I, for one, am all for reforming the tax code. It is too convoluted, complicated, and burdensom. How should it be reformed though? It definitely can be simplified, which, in turn, should result in cost savings for the tax payers and the government.

What are the options though? National sales tax? Can it work? Flat tax?

I admit that I am ill-informed of the options here and have been trying to bone-up.

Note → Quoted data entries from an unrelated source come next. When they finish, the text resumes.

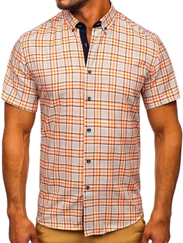 Herren Hemd Kurzarm Kariert Orange Bolf 201501
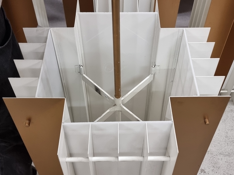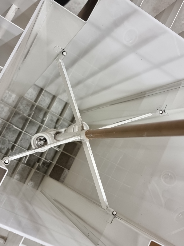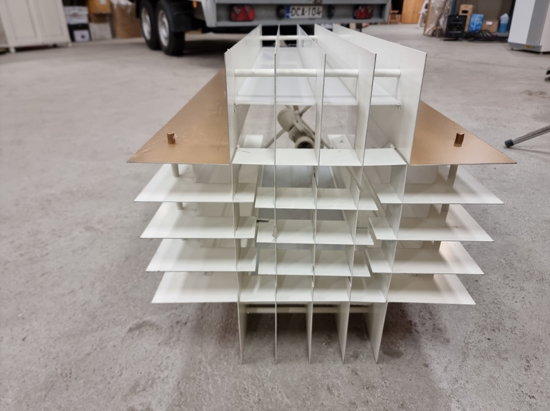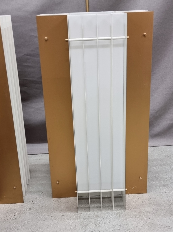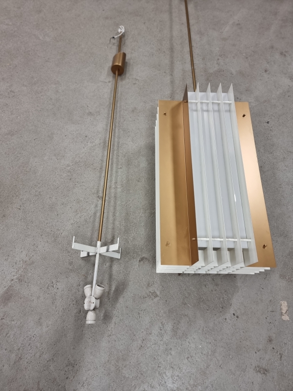 Metalli/akryyli. Varsi helposti lyhennettävissä. Puhdistusta vaille. Valaisinosan korkeus 87cm, leveys 48cm. kokonaiskorkeus 240cm
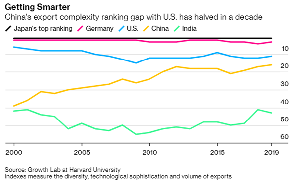 彭博社8月4日援引哈佛大学增长实验室(Growth Lab)的最新研究指出,尽管受到美中贸易战的冲击,中国出口商品的技术水平依然有所提高。且该研究预测,中国经济在未来10年的增长速度将超过。
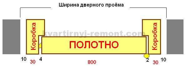 Применяется два главных способа вычисления необходимых размеров полотна, коробки и проема двери:
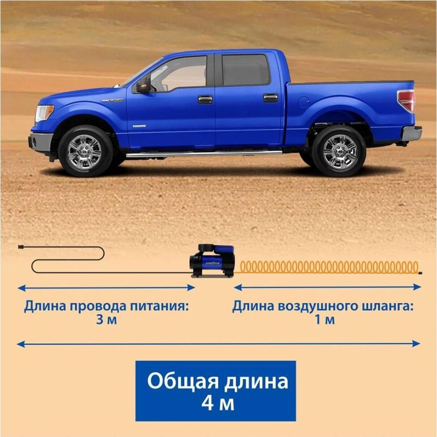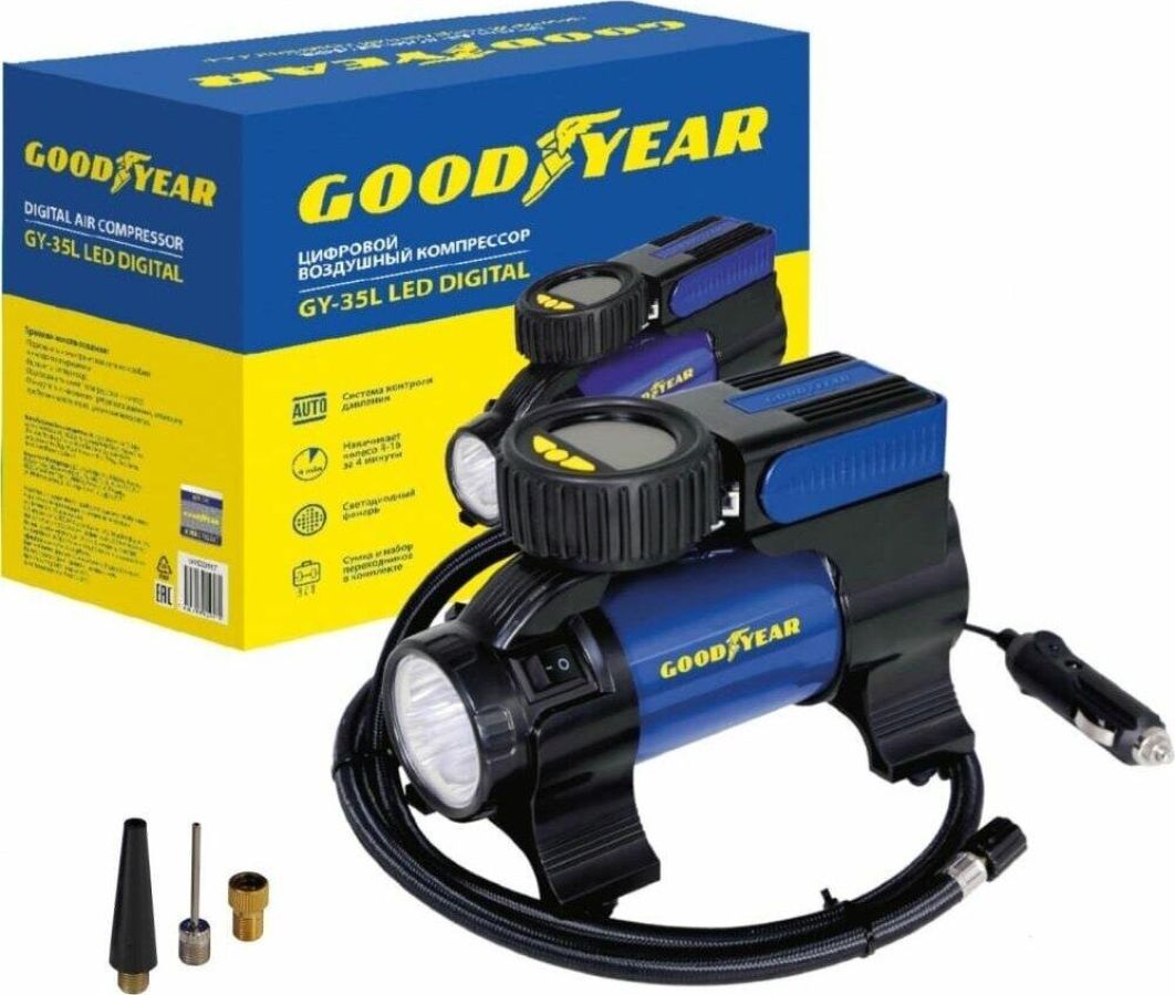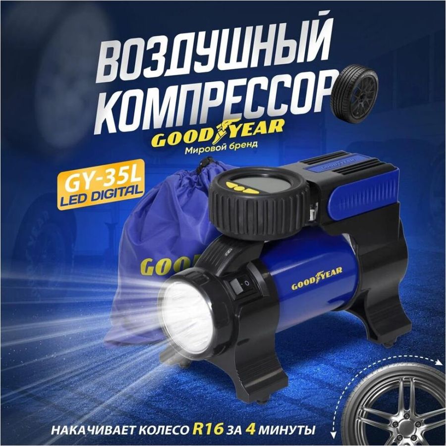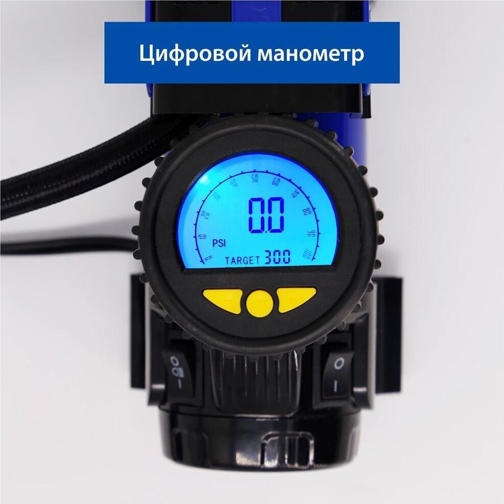 Мощность - 168 Вт, Производительность - 35 л/мин, Максимальное токопотребление - 14 А, Максимальное давление - 7 Атм, Длина провода питания: 3 м, Длина воздушного шланга: 1 м. Сумка и набор переходников в комплекте.
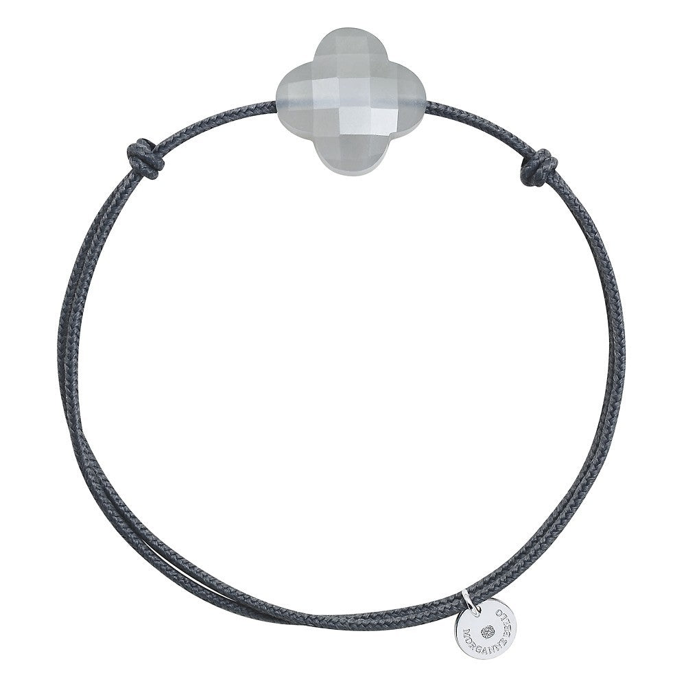Deze emblematische collectie plaatst de edelstenen in majesteit, zonder klauwen of zettingen, in contact met de huid. De klaverbladslijpvorm is een symbool van geluk. De grijze maansteen brengt zachtheid en ontvankelijkheid.
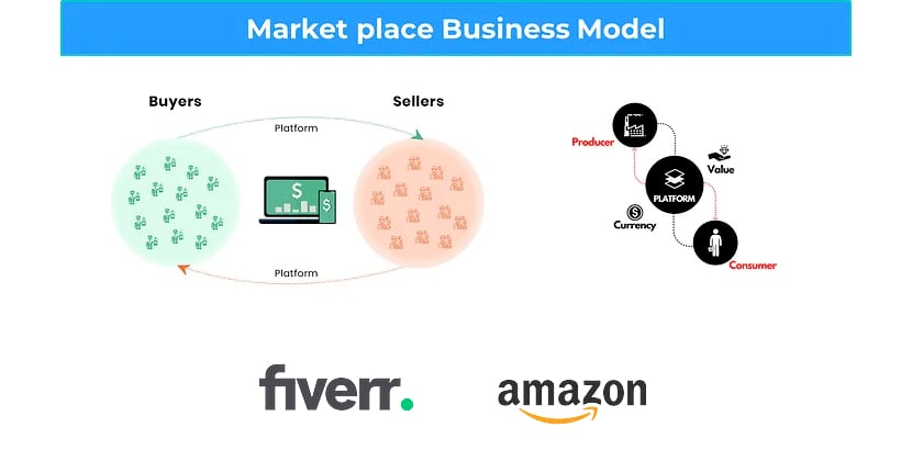 AmazonやFiverrのようなマーケットプレイスは、ベンダーとユーザーを結びつける役割を果たすが、ベンダー自身のブランド名で商品を販売する。
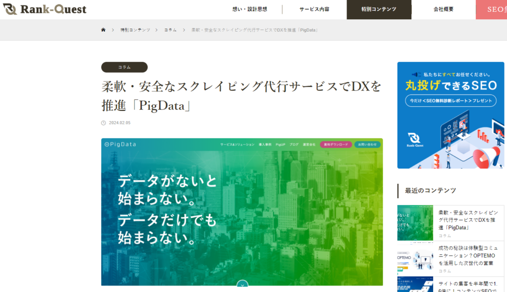 PigDataスクレイピング代行サービスが「Rank-Quest」に掲載されました。スクレイピング代行サービスの魅力や詳細がまとめられています。
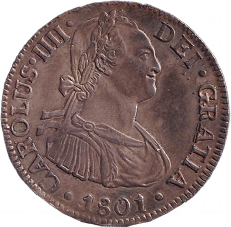 TWO REALES: 1801 Charles IV 2r KM 91 mintmark 'Mo F.M.' Mexico City (scarce moneyer), aVF. (Image1) (Image2)
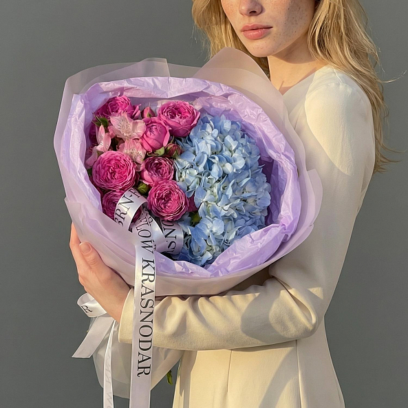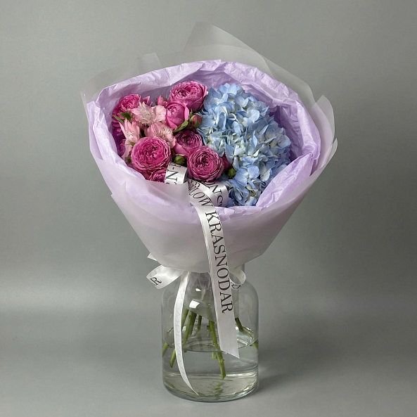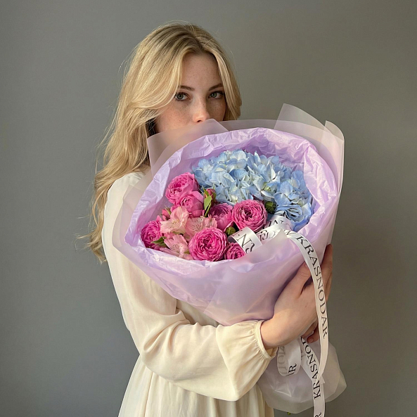 Голубая гортензия, розовая альстромерия и пушистые пионовидные розы «Мисти Баблс» — это не просто букет, а целая история. Идеален для тех, кто хочет подарить не просто цветы, а целое настроение.
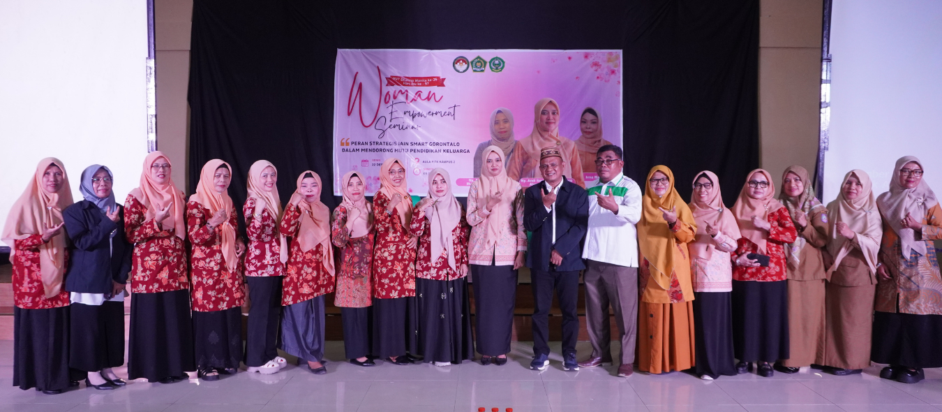 GORONTALO (IAINSmart) – Dalam rangka HUT DWP ke-26 dan Hari ibu ke- 97, Dharma Wanita Persatuan (DWP) Institut Agama Islam Negeri Sultan Amai Gorontalo (IAIN Smart) menyelenggarakan Women Empowerment Seminar dengan tema “Peran Strategis IAIN Smart Gorontalo dalam Mendorong Mutu Pendidikan Keluarga”. Kegiatan ini bekerja sama dengan prodi PGMI FITK IAIN Smart di Aula FITK Kampus II IAIN Smart, Senin (22/12/2025).
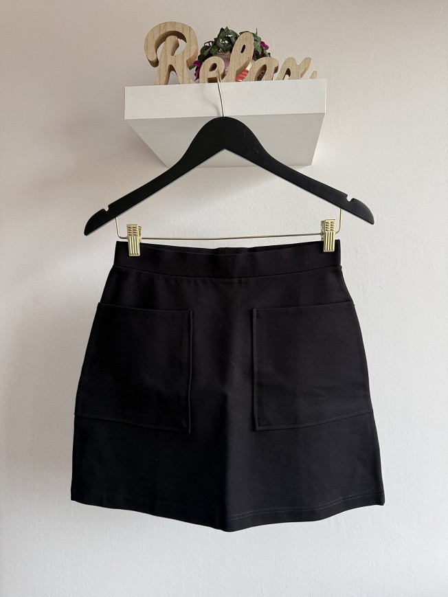 Letisztult, fekete színű Mango mini szoknya, elöl zsebes kialakítással, ami egyszerre praktikus és trendi.
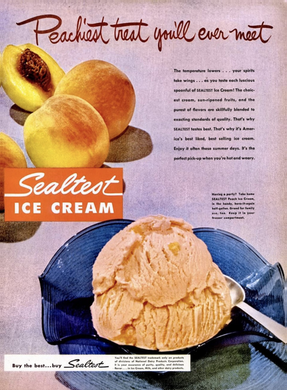 #icecream #Advertisement #Peach #PeachFlavored #Peters #Ephemera #Vintage #Retro #dessert #food
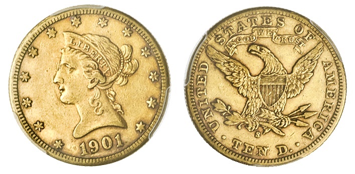 1901-S Liberty $10. PCGS AU50.
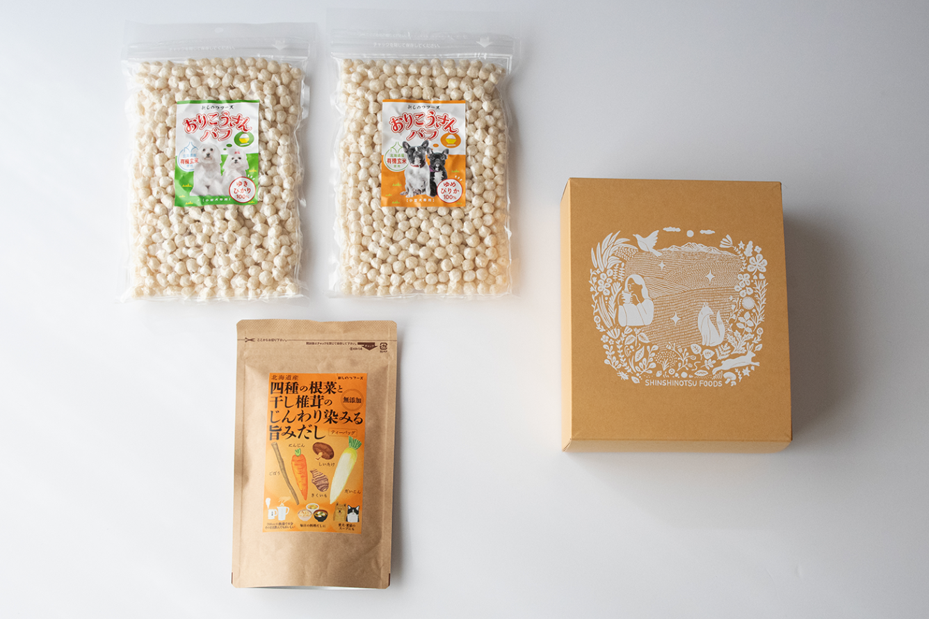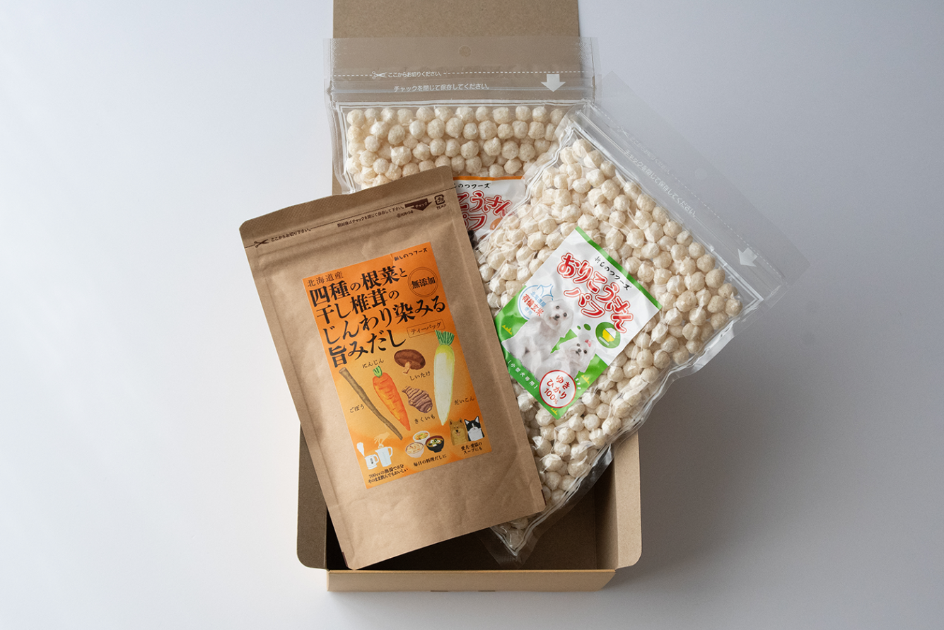 ワンちゃんのためのお米のパフ、人も一緒に楽しめるだしパックをギフトセットにしました。
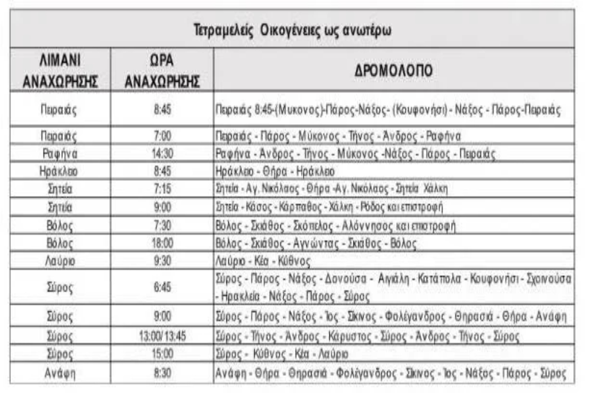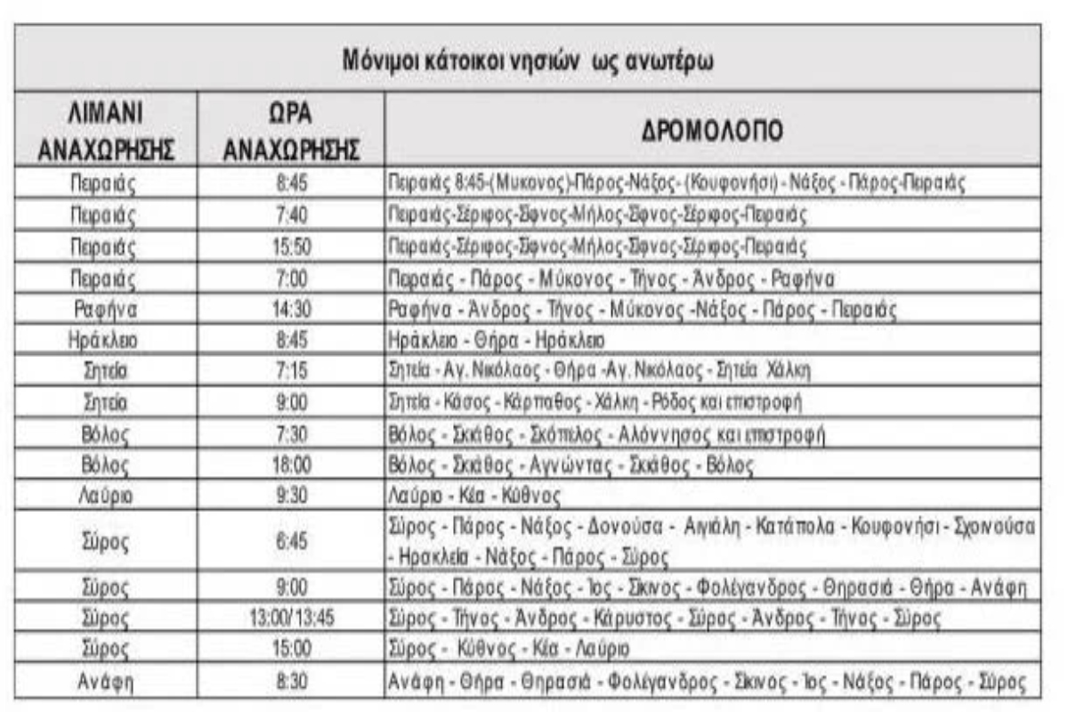20% έκπτωση στα εισιτήρια επιβάτη σε όλα τα νησιά του Αιγαίου στα δρομολόγια όπως αναφέρονται στον παρακάτω πίνακα. (Για τους μόνιμους κατοίκους Δωδεκανήσων έκπτωση 40% στη γραμμή Σητεία – Δωδεκάνησα).

Tax reform is likely to be politcally popular amongst many voters, regardless of right or left. It just depends on which direction the administration wants to take it. There is much that has yet to be seen. But, how would you like to see it done?

RC
Looking for ideas from both sides. Try to discredit that.


----------



## Bobm (Aug 26, 2003)

If everyone understood fair tax .org they would be looking any further check it out. I posted a explanation of the high points on the thead about it. Its a non-partisan approach that has bi partisan support. It will take spending some time reading it to understand it.


----------



## Robert A. Langager (Feb 22, 2002)

I've been reading there too. It is a lot to digest. Slowly but surely. Must be informed.

RC


----------



## esox (Nov 8, 2004)

1. Eliminate all tax on income, (and the I. R. S.). User fees only such as a national sales tax at the retail level and only on new goods, not used.
2. According to the Constitution, Congress is to coin all money. Notice it says "coin", not print. This should be loaned to the banks and the interest deposited in the U.S. Treasury to be used for defense, law enforcement, and infrastructure, nothing else. Let private enterprise deliver the mail and send buckets of nuts and bolts to Mars to find out if there was water there or not. With no tax on income, people would have plenty of money to purchase their own health insurance and fund their own retirements and each would be much higher quality. Since 1913, the Federal Reserve, ( a group of private bankers, there is nothing federal about it), has printed monopoly money, charged the banks interest to use it, and put the interest fees in their pockets. Notice what it says on a paper bill, "Federal Reserve Note". A note always entails debt. The Federal Reserve literally "rents" paper to us. The inevitable inflationary effects have been staggering.
This has for the most part been the norm in U.S. history. The Brits lost the Rev. War but have since controlled our currency. Three presidents have tried to correct this. Andrew Jackson was the first. The U.S. Treasury then had a surplus that was returned to the states via, canals, harbors, bridges, roads, etc. Shortly after his death the central bank regained control. Two presidents have since tried to correct this, Abe Lincoln and J.F.K.
3. Taxes and tariffs on imports. This would prevent foreign dumping and keep imports competitive with goods manufactured in this country. This would also eliminate most, if not all, outsourcing.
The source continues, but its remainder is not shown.